**Information provided:**
- Opening Delimiter -

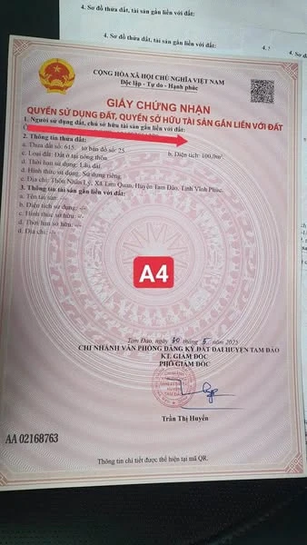IÁ 6XX E CÒN DUY NHẤT 1 LÔ DT 100m2, full thổ cư tại Nhân Lý- Tam Quan- Tam Đảo.
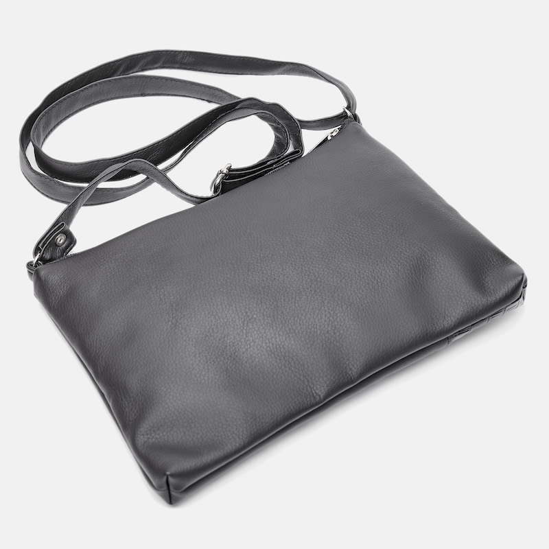 Сумку зручно носити через плече на міцному подовженому ремінці. Вона забезпечена блискавкою та якісною нікельованою фурнітурою, яка не потемніє та збереже свій вигляд. Стриманий дизайн без яскравих деталей довго буде актуальним та ідеально доповнить модний образ.
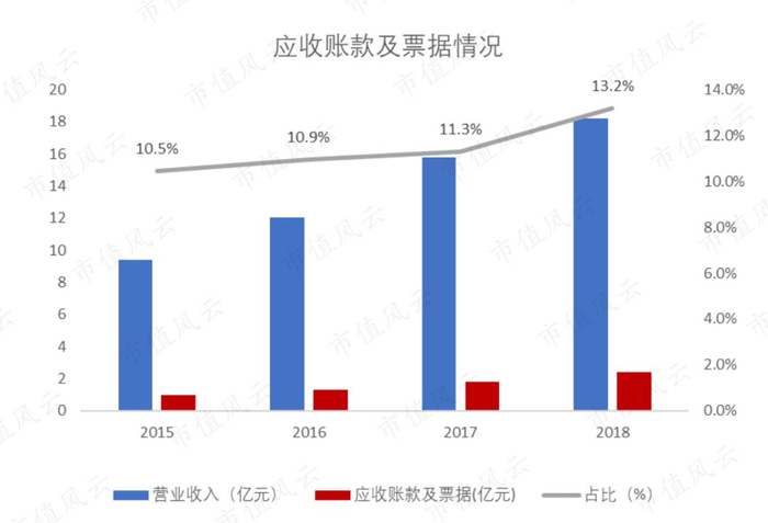 2015-2018年,应收账款及票据占营收的比例略有增长,不过比例只有10%左右,依然较低。

- Closing Delimiter -

**Your objective:** Copy the full listing above exactly, apart from the pictures.

**Task output:**
IÁ 6XX E CÒN DUY NHẤT 1 LÔ DT 100m2, full thổ cư tại Nhân Lý- Tam Quan- Tam Đảo.
 Сумку зручно носити через плече на міцному подовженому ремінці. Вона забезпечена блискавкою та якісною нікельованою фурнітурою, яка не потемніє та збереже свій вигляд. Стриманий дизайн без яскравих деталей довго буде актуальним та ідеально доповнить модний образ.
 2015-2018年,应收账款及票据占营收的比例略有增长,不过比例只有10%左右,依然较低。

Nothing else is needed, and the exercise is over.